Comparative investigation of structural, morphological and temperature-dependent photoluminescence characteristics of trivalent rare-earth-activated NaCaPO4 phosphors for solid-state lighting applications

This study explores the synthesis, structure, morphology, and photoluminescence features of trivalent RE³⁺-activated NaCaPO₄ phosphors, aiming to develop phosphor materials for white-light-emitting diode (WLED) applications. Single-phase polycrystalline NaCa_(1-x) RE_x³⁺ PO₄ (RE_x³⁺ = Sm, Eu, Dy, and Tb) phosphor materials with various RE_x³⁺-doping percentiles were produced by a solid-state reaction process, which were analyzed using various characterization techniques. The FullProf Suite software program was used for phase evidence and crystalline structure analysis, confirming the composition of orthorhombic materials as a single phase.

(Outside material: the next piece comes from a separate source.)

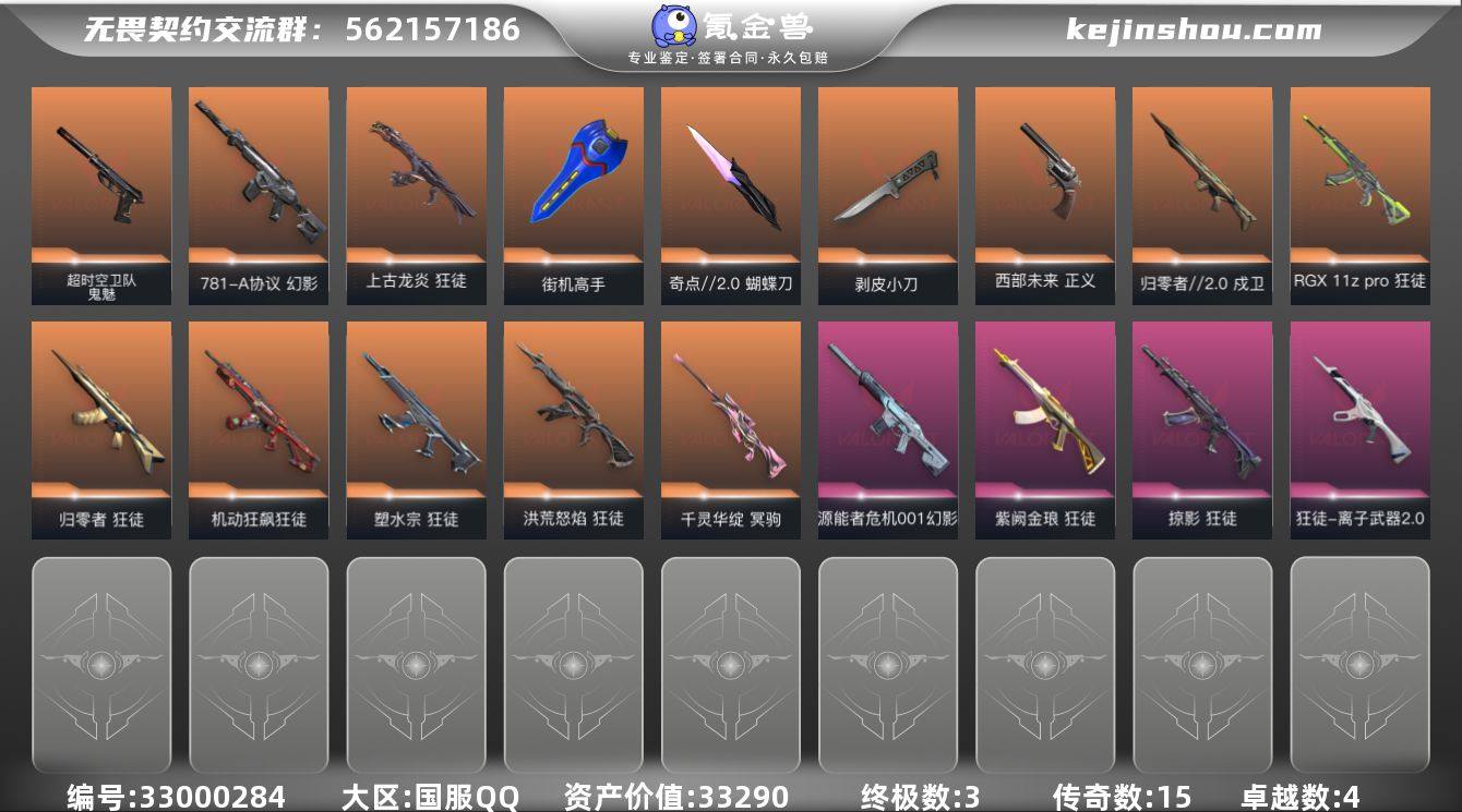【自带包赔 可赔三倍】:库存价值 33290 手感库存高性价比账号 多热门ak 【近战】: 剥皮小刀, 街机高手, 奇点//2.0 蝴蝶刀 【狂徒】: RGX 11z Pro 狂徒, 洪荒怒焰 狂徒, 离子武器//2.0 狂徒, 紫阙金琅 狂徒, 归零者 狂徒, 掠影 狂徒, 上古龙炎 狂徒, 塑水宗 狂徒, 机动狂飙 狂徒 【幻影】: 源能者危机001 幻影, 781-A协议 幻影 【冥驹】: 千灵华绽 冥驹 【正义】: 西部未来 正义 【戍卫】: 归零者//2.0 戍卫 【鬼魅】: 超时空卫队 鬼魅 【概要】: 总皮肤 79 终极3 传奇15 卓越4 刀皮3 英雄20 LV203 历史最高:铂金 当前段位:铂金 已使用 1195 R点 剩余 155 R点 卡面、挂饰、其他皮肤请看截图 道具、段位等以实际验号为准。如账号因没有维护,赛季更新等不可抗因素发生变化,不属于账号质量问题"

FE-SEM micrographs revealed asymmetrically stacked morphologies across all the compositions. This study reveals that trivalent RE³⁺-activated phosphors produced exceptional PL outcomes. Dexter's and Blasse's approaches were used to establish the interaction mechanisms and critical energy transfer ranges as dipole-dipole. Lifetime decay patterns were used to fit a bi-exponential function and the resulting values were approximated in milliseconds. This study reveals that trivalent RE³⁺-activated NaCaPO₄ phosphors, with their thermal resilience and color integrity, have potential applications in solid-state lighting (SSL) technology.